Frequently asked questions
- What is a strangle on ARCB?
- A strangle on ARCB is the strangle strategy applied to ARCB (stock). The strategy is structurally neutral / high-volatility (long premium, OTM): A long strangle buys an OTM call and an OTM put at offset strikes, cheaper than a straddle but requiring a larger underlying move to profit since both wings start out-of-the-money. With ARCB stock trading near $122.90, the strikes shown on this page are snapped to the nearest listed ARCB chain strike and the premiums come straight from the end-of-day bid/ask midpoint.
- How are ARCB strangle max profit and max loss calculated?

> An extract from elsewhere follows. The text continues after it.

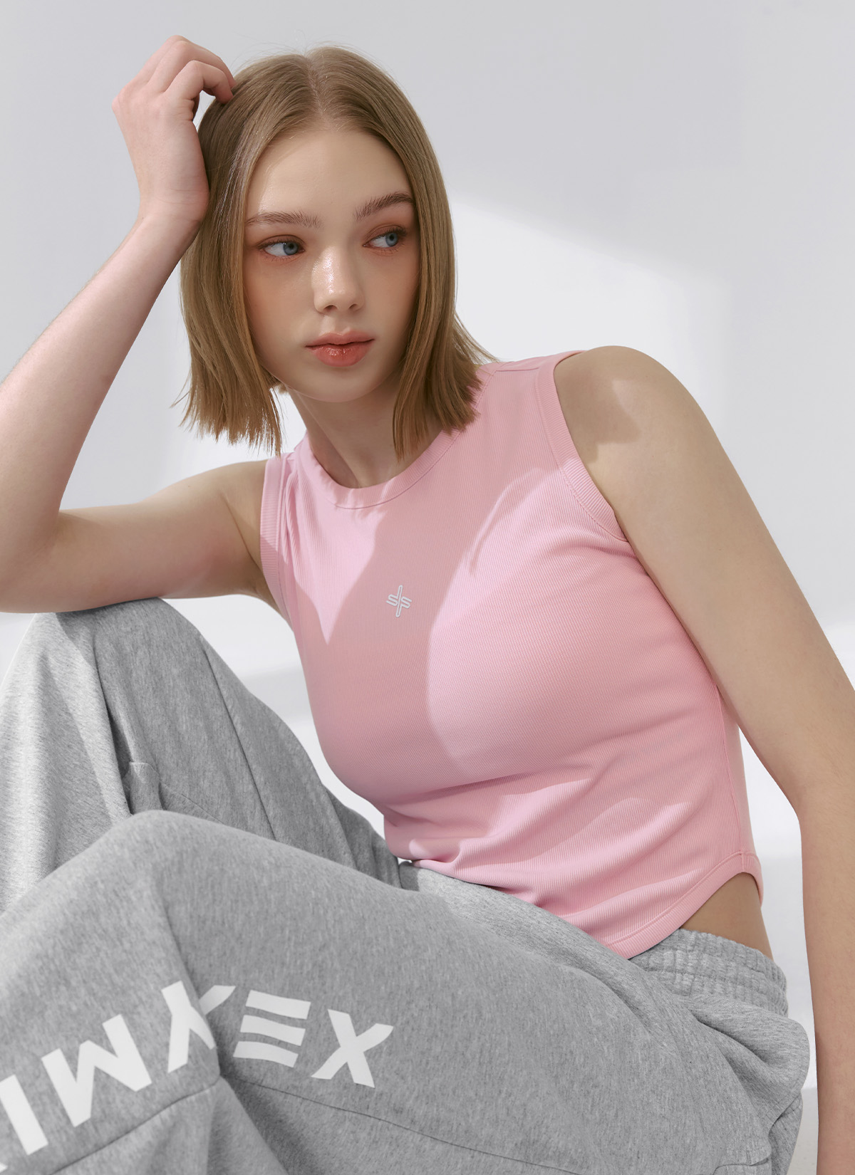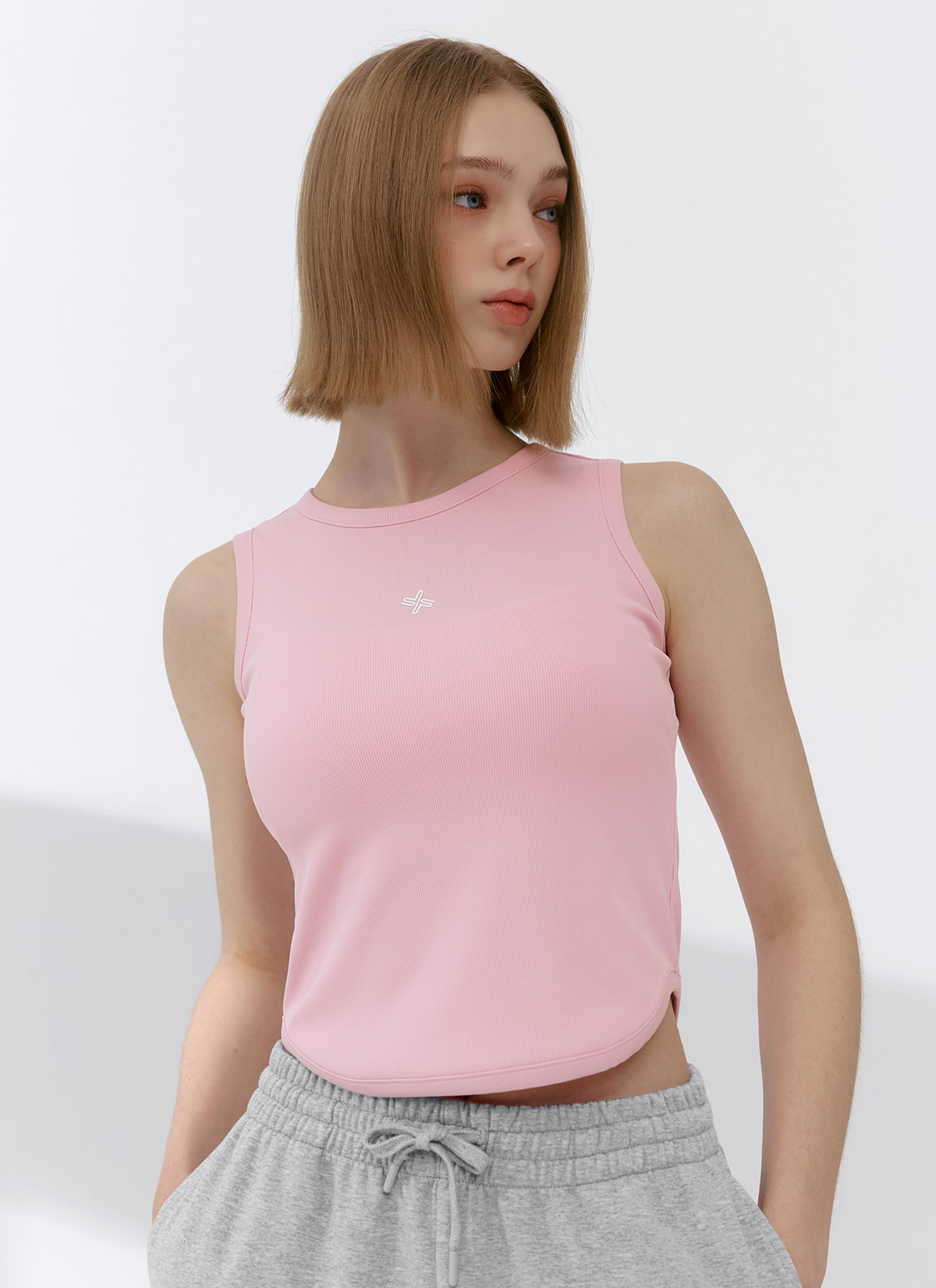 XFK2TE1101 Ribbed Tension Sleeveless Pink Essence TOP

- Upside max profit is unbounded; downside max profit is bounded at the put strike minus the combined debit (reached at zero). Max loss equals the combined debit times 100 (reached anywhere between the two OTM strikes). Two breakevens at call-strike plus debit and put-strike minus debit. For the ARCB strangle priced from the end-of-day chain at a 30-day expiry (ATM IV 48.70%), the computed maximum profit is unbounded per contract and the computed maximum loss is -$847.50 per contract. Live intraday quotes will differ as the chain moves through the trading session.

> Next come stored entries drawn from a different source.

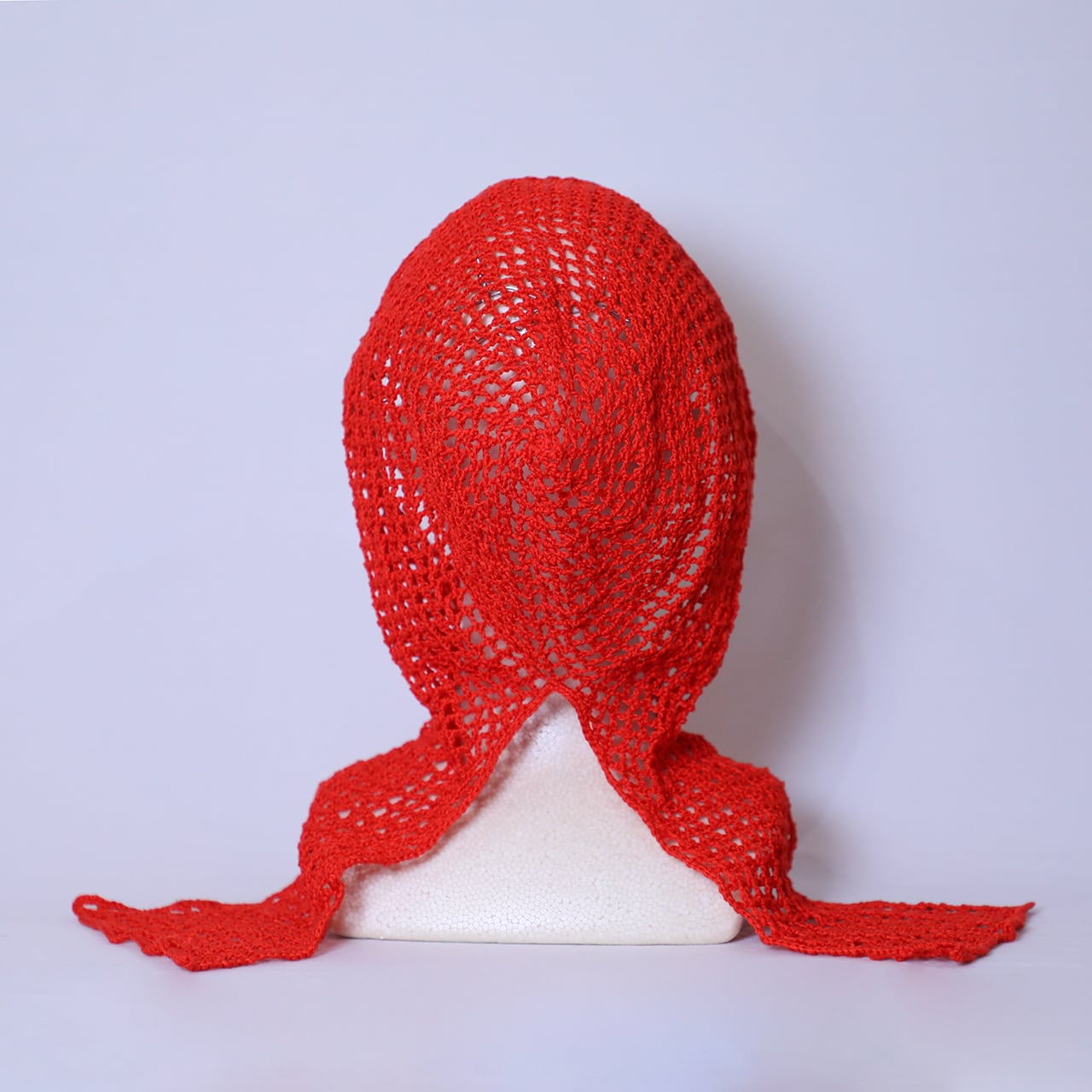 透け感たっぷりの編み方で仕上げた、軽やかなヘッドドレス。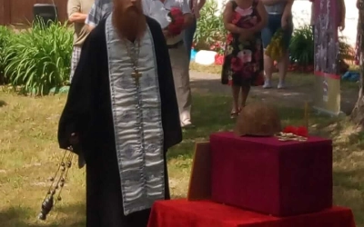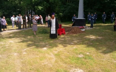 В продолжении церемонии иерей Сергий совершил литию в память усопших воинов за веру, Отечество, и народ жизнь свою положивших, и всех страдальчески погибших в годы Отечественной войны.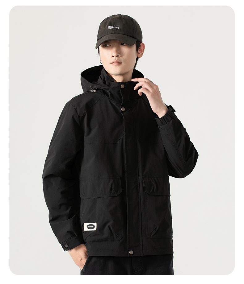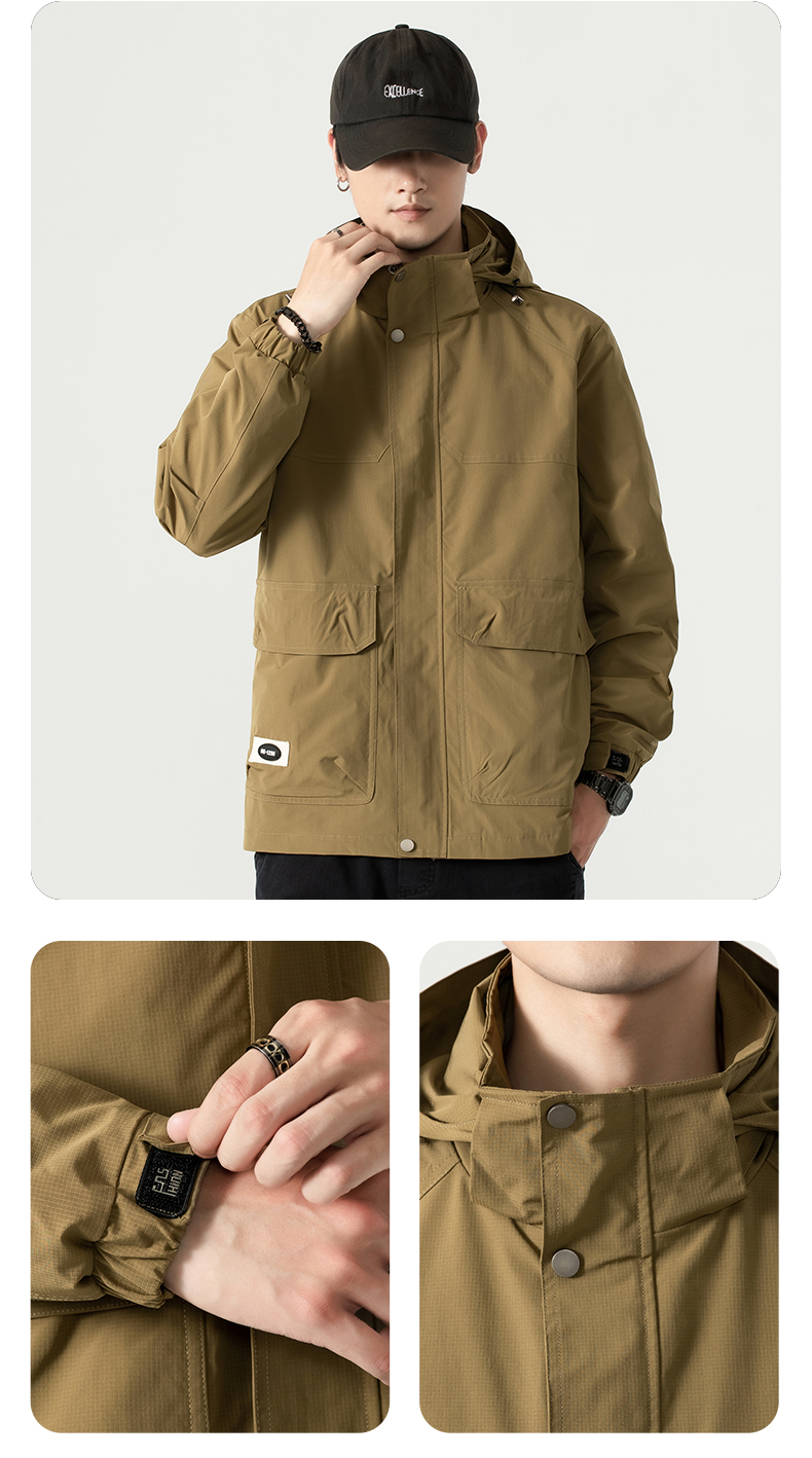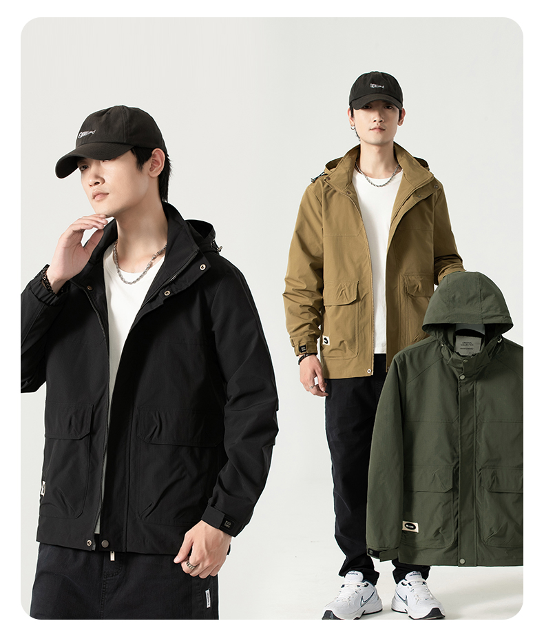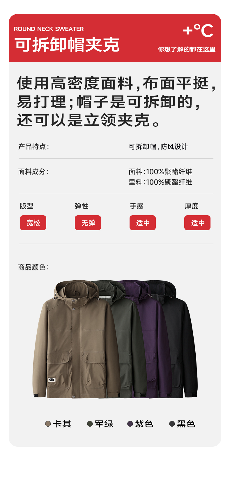 【新款DK】大依优型大码男装可拆卸帽夹克加肥加大休闲夹克胖子宽松弹力运动外套上衣

- What is the breakeven for a ARCB strangle?
- The breakeven for the ARCB strangle priced on this page is roughly $106.53 and $138.48 at expiration, derived from end-of-day chain premiums. Breakeven is the underlying price at which the strategy's P&L crosses zero ignoring transaction costs and assignment risk. The current ARCB market-implied 1-standard-deviation expected move is approximately 13.96%; if the move sits well outside the breakeven distance, the structure's risk-reward becomes correspondingly tighter.
- When should you consider a strangle on ARCB?
- Strangles on ARCB are the cheaper cousin of the straddle - traders use them when they want a large directional move but are willing to give up the inner-strike sensitivity in exchange for a lower up-front debit on the ARCB chain.
- How does current ARCB implied volatility affect this strangle?
- ARCB ATM IV is at 48.70% with IV rank near 30.26%, which is mid-range against its 1-year history. Strategy selection depends more on directional thesis and expected move than on a strong IV signal.